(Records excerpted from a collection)

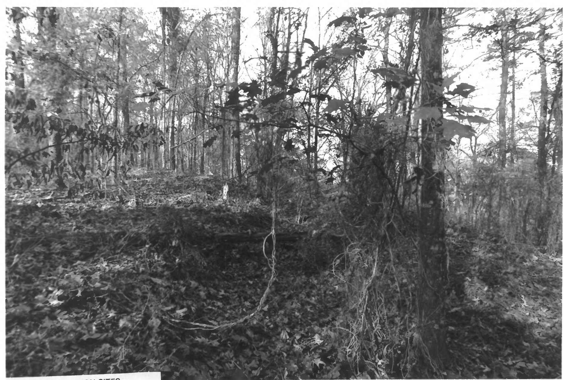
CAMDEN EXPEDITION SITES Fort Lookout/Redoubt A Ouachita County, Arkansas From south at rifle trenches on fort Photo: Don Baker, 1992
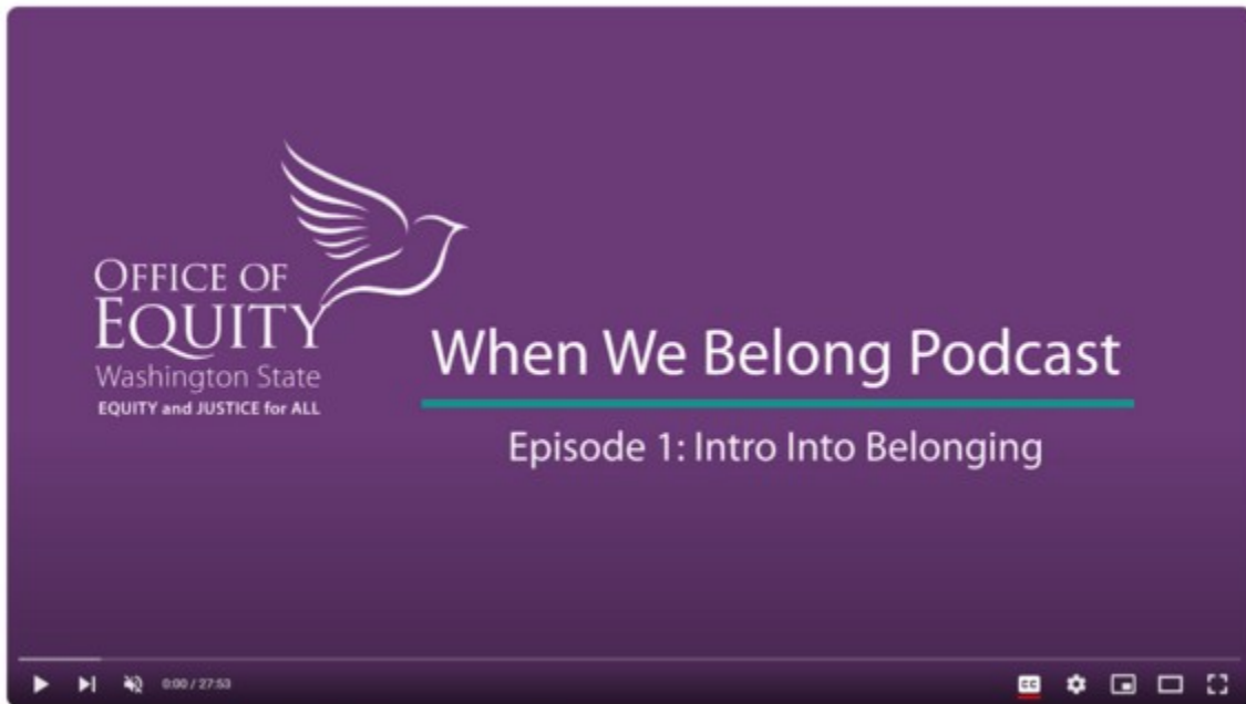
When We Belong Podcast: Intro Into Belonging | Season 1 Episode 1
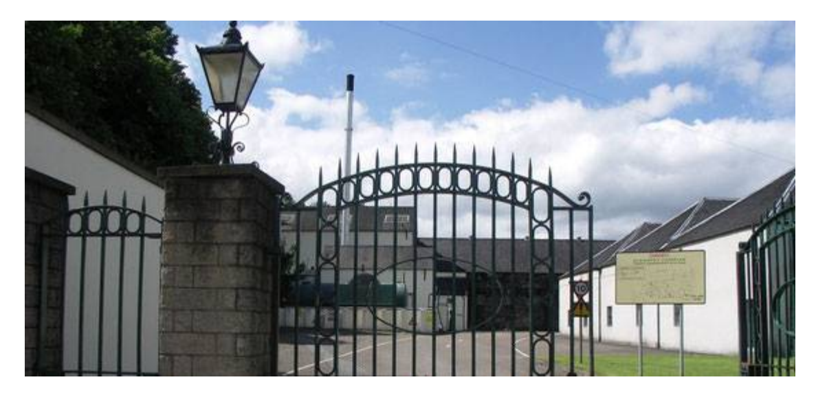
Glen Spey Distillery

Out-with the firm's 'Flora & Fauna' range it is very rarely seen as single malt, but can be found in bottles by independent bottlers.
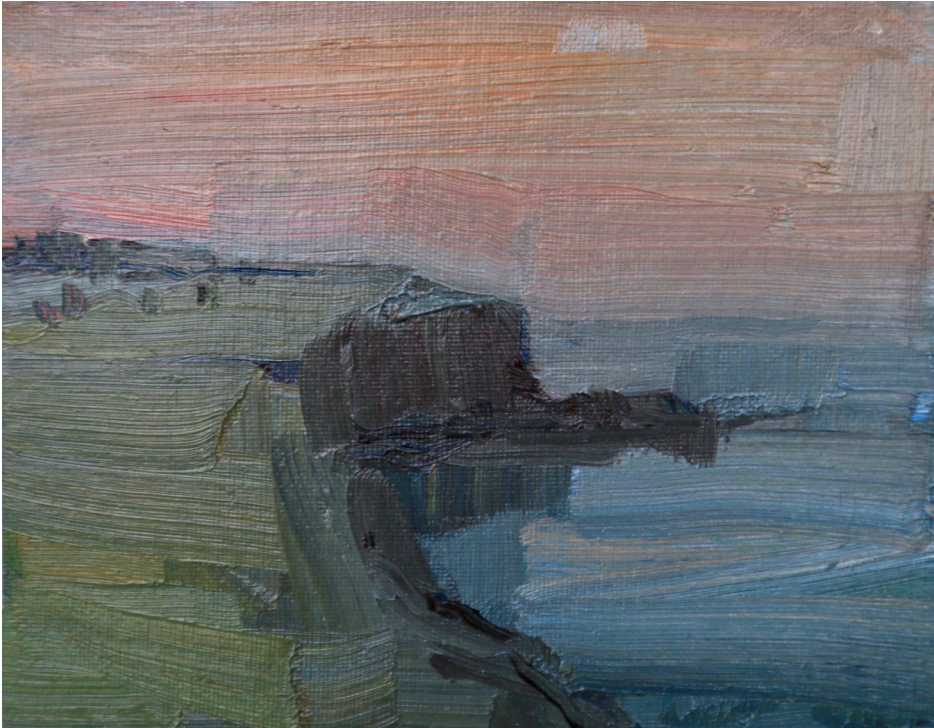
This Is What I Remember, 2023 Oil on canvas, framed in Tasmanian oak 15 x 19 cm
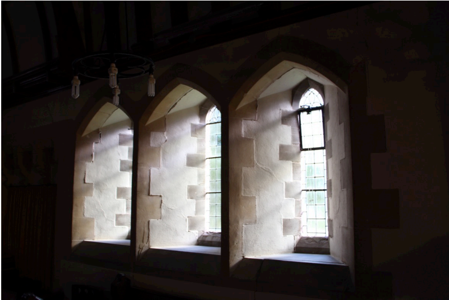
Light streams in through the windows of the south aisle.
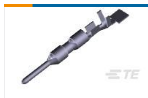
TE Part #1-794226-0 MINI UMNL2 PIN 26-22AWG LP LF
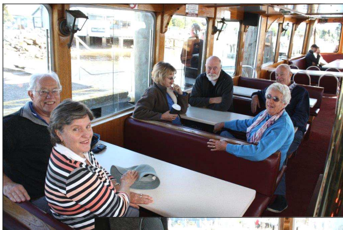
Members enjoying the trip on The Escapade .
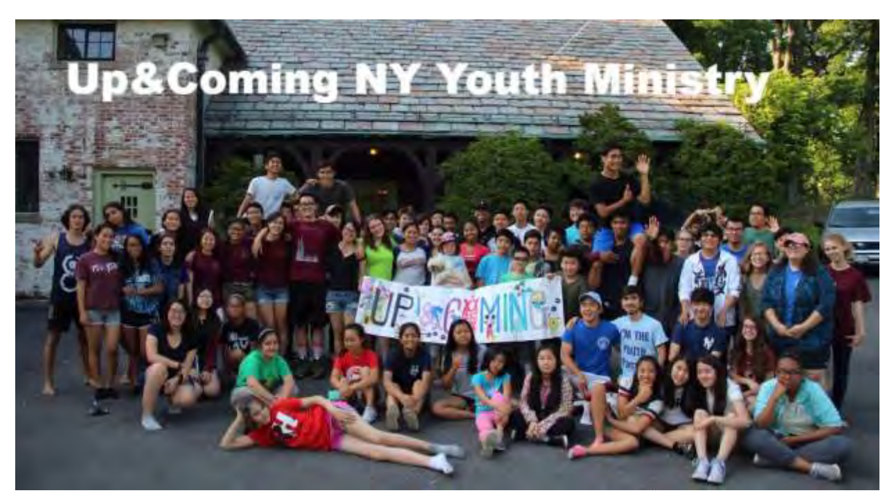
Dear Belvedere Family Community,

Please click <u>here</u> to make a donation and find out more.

## PROBLEM STATEMENT
The lines to repeat start at the one holding "Glen Spey Distillery" and run through the last line of the records above; write them out exactly, both ends included, but not the pictures.

## TASK RESPONSE
Glen Spey Distillery

Out-with the firm's 'Flora & Fauna' range it is very rarely seen as single malt, but can be found in bottles by independent bottlers.
This Is What I Remember, 2023 Oil on canvas, framed in Tasmanian oak 15 x 19 cm
Light streams in through the windows of the south aisle.
TE Part #1-794226-0 MINI UMNL2 PIN 26-22AWG LP LF
Members enjoying the trip on The Escapade .
Dear Belvedere Family Community,

Please click <u>here</u> to make a donation and find out more.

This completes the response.